Cztery lata po tragicznym w skutkach wypadku Monika zaczyna stawać na nogi. Przezwyciężyła depresję, może się poruszać o kulach, ale gdy wszystko zdaje się zmierzać w korzystnym kierunku, zaczynają ją dręczyć złe sny. W nocnych koszmarach staje się świadkiem, jak zamaskowany pan ściga i brutalnie gwałci młodą kobietę.
Wkrótce Monika dowiaduje się z telewizji, iż w Zakopanem znaleziono ciało dziewczyny, którą widziała w swoich snach. Przekonana, iż ma do odegrania jakąś rolę w rozwikłaniu tajemnicy jej śmierci, Monika postanawia wyruszyć ze swoich podtoruńskich Łysomic na miejsce zbrodni.
nad wyraz udany debiut obiecującej pisarki młodego pokolenia!

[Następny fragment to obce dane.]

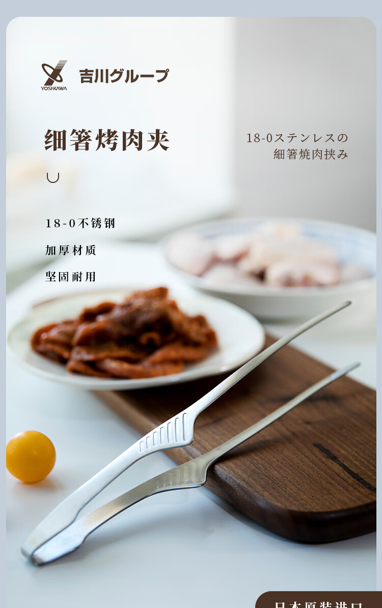 吉川YOSHIKAWA日本进口不锈钢食品夹 烤肉夹烧烤夹
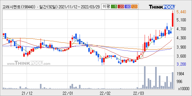[그래프]고려시멘트 일봉 차트
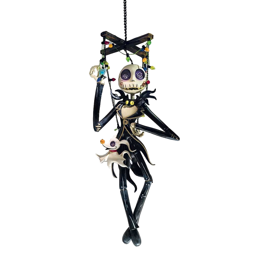 Sous licence Disney, chaque figurine de marionnette artistiquement stylisée de cette collection représente un citoyen différent de Halloween Town, moulée à la main en résine artistique et peinte à la main pour capturer chaque détail complexe de la tête aux pieds. Les couleurs authentiques sont rehaussées par une texture semblable à celle du bois sculpté et un éclat brillant, tandis que des lumières de Noël sculpturales colorées décorent les barres transversales et se déversent autour de chaque personnage. De plus, ces figurines de marionnettes stationnaires sont suspendues à une chaîne métallique et arrivent prêtes à être accrochées, ce qui les rend faciles à exposer dans votre décoration d'Halloween !
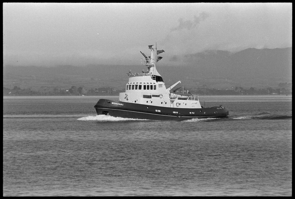 Date9 October 1973Reference NumberPhoto gcc-29922DescriptionSouthland Harbour Board's Tug boat 'Monowai' freshly painted, on her delivery voyage from Whangārei to Bluff, called at Mount Maunganui today. Not published 9 October 1973.FormatNegativePhysical Description35mm black-and-white negative (2/3)Photographer/CreatorBay of Plenty Times
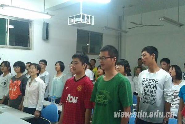 学院2012级辅导员兼党支部书记路丽丽担任主持。她首先介绍了党支部培养发展党员的程序、要求等内容,坚持“成熟一个,发展一个”,希望各位同学不断提高党性修养,为学院、班级、同学做出贡献。党支部组织委员李昭同学、宣传委员杨鹏飞同学也代表新生党员相继表态,作为支部委员感觉很光荣、很幸运,但同时更感到责任重大,表示一定会努力工作,不辜负大家的信任,使党支部不断发展壮大。然后,李赛强结合多年的工作经验和个人经历对新生提出希望与建议。她说,加入共产党的队伍,需要同学们把对党的热爱与向往通过自身行为表现出来。她又以军训为例,提出军训对人的精神面貌具有不可估量的促进作用,有利于培养同学们的集体荣誉感,并肯定了同学们在军训中的优异表现。随后,李赛强结合自己国外访学的经历,使同学感受到共产党领导六十年来中国发生的巨大变化,坚定同学们热爱共产党、热爱祖国的信心与决心,努力为社会奉献力量。她语重心长地告诉同学们,进入大学的前六个月,同学们的智力、情感、精神都会发生转变,希望同学们能继续保持优良作风,取得更大的进步,制定高远的目标,在精神层次上具有更高的追求。最后,李赛强就网络言论问题与同学们进行交流,让学生们意识到要想做一个合格的党员,就要全面提升自身修养。书记幽默风趣的谈吐不时引来同学们的阵阵掌声与欢笑声,在轻松愉悦的氛围中使自己的思想得到升华。大会的最后一项,全体起立奏唱《国际歌》。
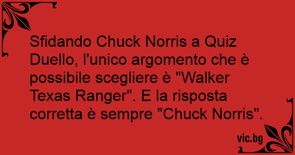 Sfidando Chuck Norris a Quiz Duello, l'unico argomento che è possibile scegliere è "Walker Texas Ranger". E la risposta corretta è sempre "Chuck Norris".
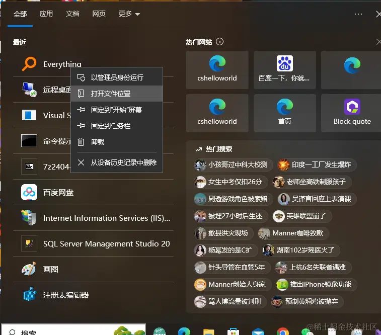 接下来我们随便找一个应用,右键,然后点击 打开文件位置,我们来看下这个EveryThing的具体位置。
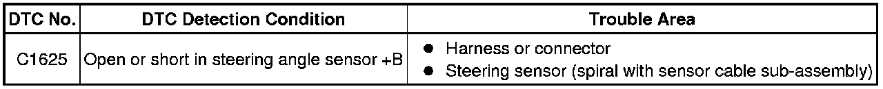 C1625 - Open or Short in Steering Angle Sensor +B

Długo czekałem na tak mocny i realistycznie napisany polski kryminał!
Krzysztof Fejklowicz,
Wolumen Ogólnopolska Sieć Księgarska
Tomasz dużo widział, ale czegoś podobnego i on nie był w stanie sobie wyobrazić. Kobieta siedziała pod drzewem, oparta o nie plecami, czarne włosy miała rozpuszczone, a na nich upleciony wianek z kolorowych polnych kwiatów. Twarz denatki wyglądała, jakby była pogrążona we śnie, jedyne, co rzucało się w oczy, to była krwistoczerwona pomadka na jej ustach. Pod brodą znajdowała się cienka żyłka, którą ktoś owinął wokół drzewa tylko po to, aby tułów nie opadł do przodu. Na szyi widniał granatowy siniec szerokości liny. Dziewczyna ubrana była w czarną koronkową sukienkę, dłonie miała położone, o kurwa… na czym? Na kołdrze obleczonej w białą, na oko bawełnianą pościel. Paznokcie były pomalowane na ten sam kolor czerwieni co usta. Wokół palców miała poprzeplatany różaniec.
Sandra Feeser - mieszkanka Chełmży, nieznacznej miejscowości koło Torunia. Ukończyła kosmetologię i wizaż, pasjonuje się gotowaniem, a także kocha koty. Od za każdym razem marzyła, żeby napisać książkę. Wypadek samochodowy, który cudem przeżyła, stał się dla niej inspiracją do napisania jej debiutanckiej powieści pod tytułem „Potępiony umysł".